Difficile rispondere a questa domanda. Ho fatto tante
belle esperienze, e anche e soprattutto da quelle negative
ho imparato molto. Di recente è stato molto stimolante
suonare nel quartetto di Ananda Gari, giovane e interessante batterista pugliese, ospite il chitarrista newyorkese
Miles Okazaki che ci ha fatto conoscere e approfondire la
sua musica, molto interessante, profonda e affascinante.
E quello che ritieni più interessante fra i tuoi?
Il più interessante è sempre il prossimo perché deve ancora cominciare!
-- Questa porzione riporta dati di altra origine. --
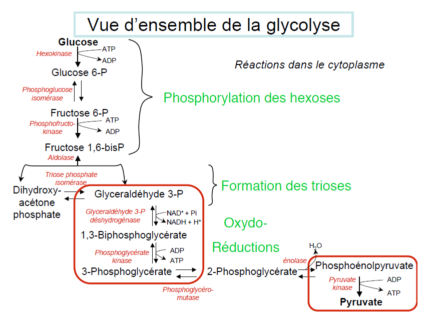 Il est à noter que tous les intermédiaires entre le glucose et le pyruvate sont phosphorylés ce qui leur confère une charge négative nette à pH 7, les empêchant ainsi de diffuser à l’extérieur de la cellule.

Scherzi a parte, a marzo ci sarà la prima
di un progetto ambizioso e importante: CREI, [che sta per]
Composizione, Ricerca e Improvvisazione. È un composers
ensemble che sto di fatto formando in questi giorni, in collaborazione con MusiCaFoscari, quindi l’Università Ca’ Foscari di Venezia, e l’associazione Nusica, l’etichetta che
produce XYQuartet. Una dozzina di elementi sul palco con
musica originale, di ricerca, su licenza Creative Commons.
Sono molto emozionato per questo nuovo lavoro, un impegno che sicuramente richiederà molta energia creativa
e organizzativa, non avendo mai scritto nulla prima per un
ensemble così largo. In questo senso per me un progetto
musicale non è solo creatività artistica ma è e deve essere
anche capacità organizzativa e responsabilità. Da anni dirigo la scuola “Monk” e la rassegna “Jam”, entrambe con
sede a Mira nel veneziano e collaboro con altre associazioni e manifestazioni come Nusica.org e Silejazz. Questi
per me sono impegni altrettanto importanti di quelli creativo-musicali tout-court, perché rappresentano, attraverso
proposte innovative, partecipate e fuori dai consueti canali, il mio piccolo contributo — almeno spero — al cambiamento di questo paese, di cui tutti fanno un gran
parlare, ma con il quale poi nessuno sembra volersi mai
confrontare veramente.
Cosa stai ascoltando al momento?
Il nuovo Cd di XY che uscirà nel 2014. Stiamo facendo editing, mix e così via, con ascolti e riascolti a distanza.
E quando invece cerchi stimoli nuovi, ascolti jazz made
in USA, avanguardie oppure tutto tranne del jazz?
In relazione al progetto CREI di cui parlavo prima sto soprattutto componendo, studiando e leggendo molto e
ascoltando musica di conseguenza. Nel ’900 ci sono stati
molti compositori e musicisti geniali che specialmente
nella musica cosiddetta classica hanno seminato idee i cui
frutti stanno nascendo ora. Pensate all’influenza dello
spettralismo nella musica di Lehman o al minimalismo in
quella di Vijai Iyer e negli ultimi lavori di Hollenbeck. O
anche arrangiatori jazz come Bill Russo, o ensemble difficili da classificare come Bang On A Can. C’è ancora un
sacco di musica da scoprire, da ascoltare e da capire.